Copy the listing verbatim, excluding any images found in it.

___ Data section ___

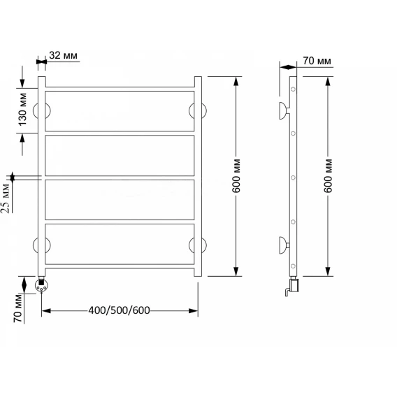 Полотенцесушитель электрический 670x632 ТЭН левый Secado Агата 2 4603777461935
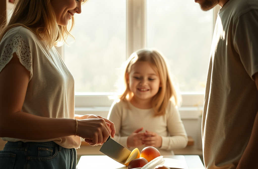 Соломія викладає скибочки на тарілочку і тільки тоді дивиться на брата.
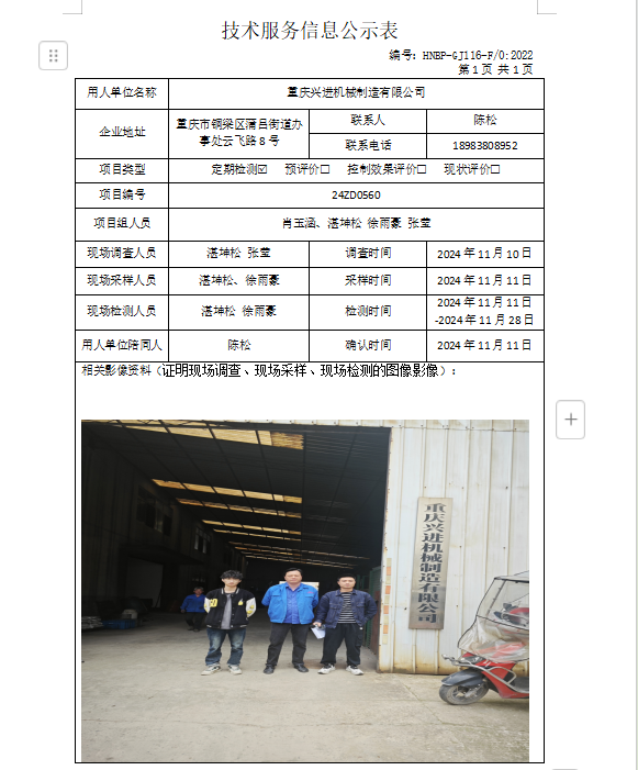 職業(yè)衛(wèi)生評價項(xiàng)目公示
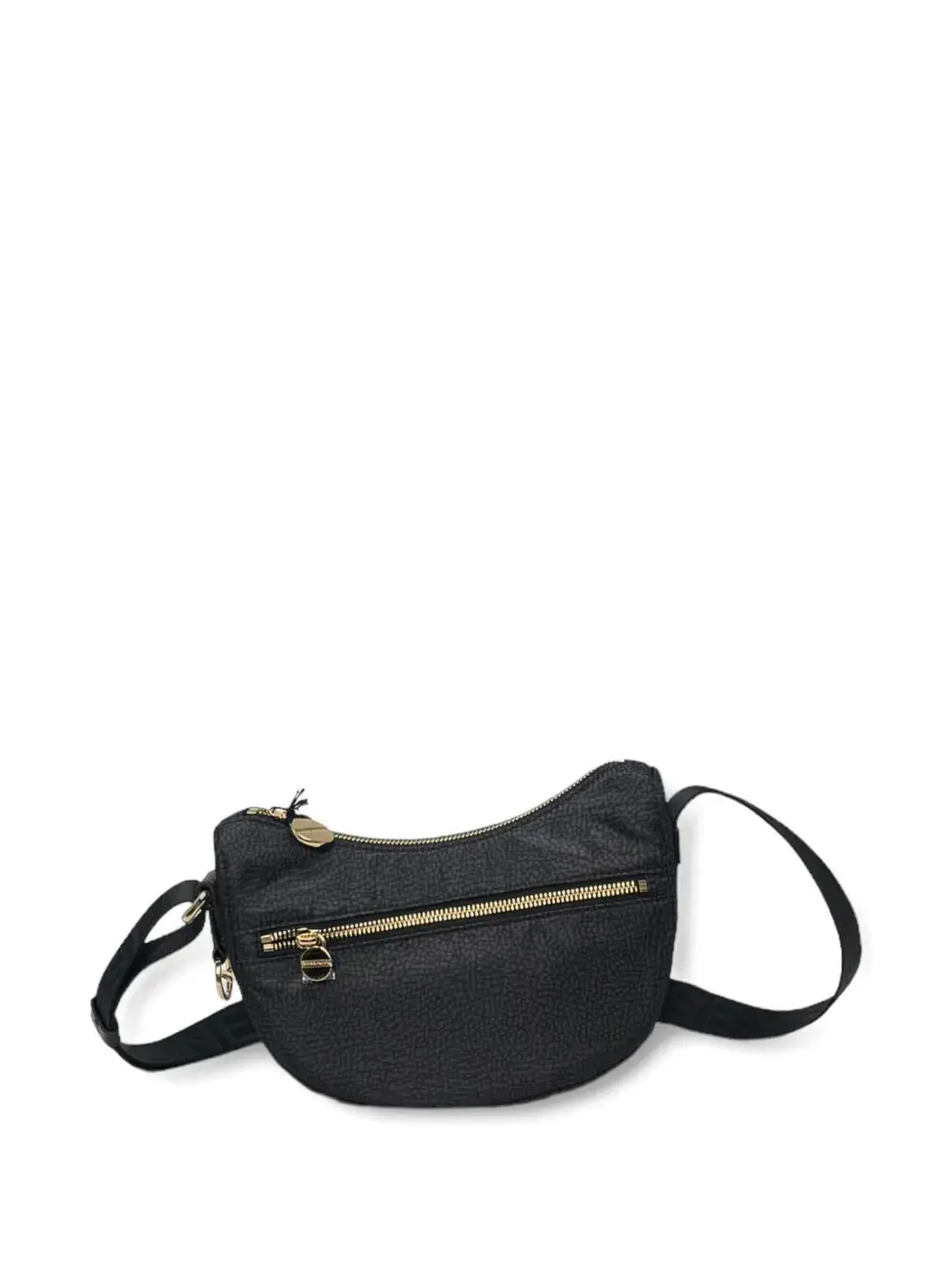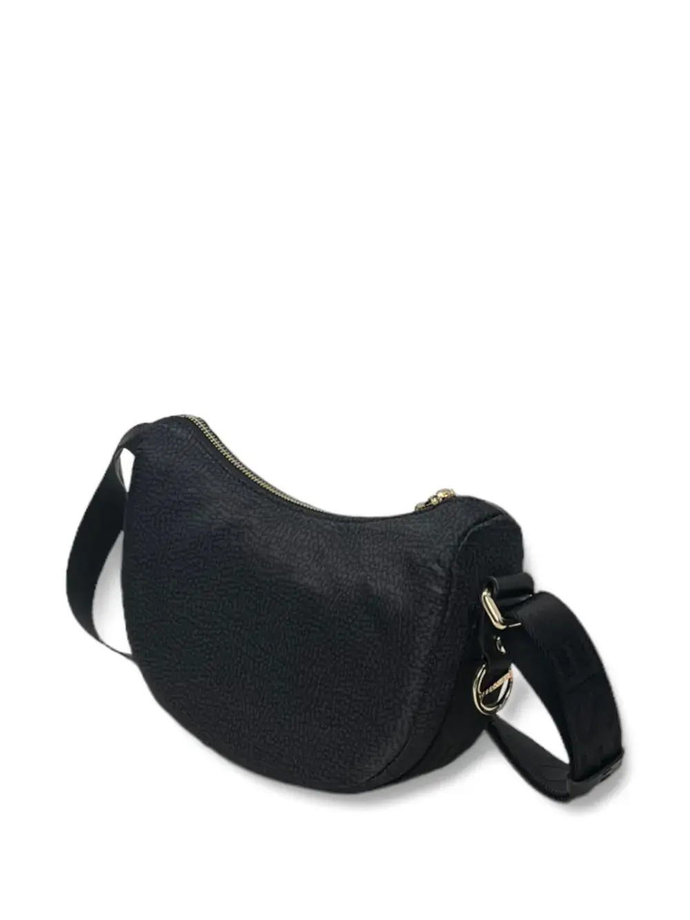 Черный фактурный материал, регулируемый плечевой ремень, застежка на молнию сверху, фурнитура цвета золота

___

• Solution to the exercise:
 Полотенцесушитель электрический 670x632 ТЭН левый Secado Агата 2 4603777461935
 Соломія викладає скибочки на тарілочку і тільки тоді дивиться на брата.
 職業(yè)衛(wèi)生評價項(xiàng)目公示
 Черный фактурный материал, регулируемый плечевой ремень, застежка на молнию сверху, фурнитура цвета золота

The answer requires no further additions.